Now, two mode models will be created adding the variables horsepower and car weight.
fit.2=lm(mpg~am+hp, data=mtcars)
summary(fit.2)
##
## Call:
## lm(formula = mpg ~ am + hp, data = mtcars)
##
## Residuals:
## Min 1Q Median 3Q Max
## -4.3843 -2.2642 0.1366 1.6968 5.8657
##
## Coefficients:
## Estimate Std. Error t value Pr(>|t|)
## (Intercept) 26.584914 1.425094 18.655 < 2e-16 ***
## amManual 5.277085 1.079541 4.888 3.46e-05 ***
## hp -0.058888 0.007857 -7.495 2.92e-08 ***
## ---
## Signif. codes: 0 '***' 0.001 '**' 0.01 '*' 0.05 '.' 0.1 ' ' 1
##
## Residual standard error: 2.909 on 29 degrees of freedom
## Multiple R-squared: 0.782, Adjusted R-squared: 0.767
## F-statistic: 52.02 on 2 and 29 DF, p-value: 2.55e-10
fit.3=lm(mpg~am+hp+wt, data=mtcars)
summary(fit.3)
##
## Call:
## lm(formula = mpg ~ am + hp + wt, data = mtcars)
##
## Residuals:
## Min 1Q Median 3Q Max
## -3.4221 -1.7924 -0.3788 1.2249 5.5317
##
## Coefficients:
## Estimate Std. Error t value Pr(>|t|)
## (Intercept) 34.002875 2.642659 12.867 2.82e-13 ***
## amManual 2.083710 1.376420 1.514 0.141268
## hp -0.037479 0.009605 -3.902 0.000546 ***
## wt -2.878575 0.904971 -3.181 0.003574 **
## ---
## Signif. codes: 0 '***' 0.001 '**' 0.01 '*' 0.05 '.' 0.1 ' ' 1
##
## Residual standard error: 2.538 on 28 degrees of freedom
## Multiple R-squared: 0.8399, Adjusted R-squared: 0.8227
## F-statistic: 48.96 on 3 and 28 DF, p-value: 2.908e-11
It is worth mentioning that using the variable weight in the model makes the transmission type non siginicant, which suggests there is confounding between these variables.

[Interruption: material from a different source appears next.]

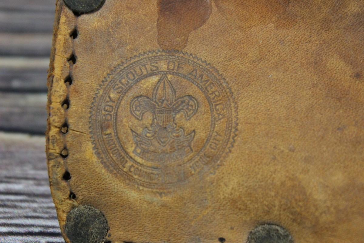 13" Official Boy Scouts hatchet, there is some natural ware throughout the whole piece. The leather sheath measures 5" across and one of the straps is ripped.

In order to select the best model an ANOVA table is created.
anova(fit.1,fit.2,fit.3)
## Analysis of Variance Table
##
## Model 1: mpg ~ am
## Model 2: mpg ~ am + hp
## Model 3: mpg ~ am + hp + wt
## Res.Df RSS Df Sum of Sq F Pr(>F)
## 1 30 720.90
## 2 29 245.44 1 475.46 73.841 2.445e-09 ***
## 3 28 180.29 1 65.15 10.118 0.003574 **
## ---
## Signif. codes: 0 '***' 0.001 '**' 0.01 '*' 0.05 '.' 0.1 ' ' 1
Using the RSS we can conclude that the model with the 3 variables is the best, but also we have to take into account that one of the variables is not significant. It is suggested that a new model is fit without the transmission type.
Finally, a residual analysis is made with the following results.
par(mfrow=c(2,2))
plot(fit.3)
This analysis shows us that there is no heteroskedacity, but the residuals still show an underlying relationship in the data that is not taken into account in the model.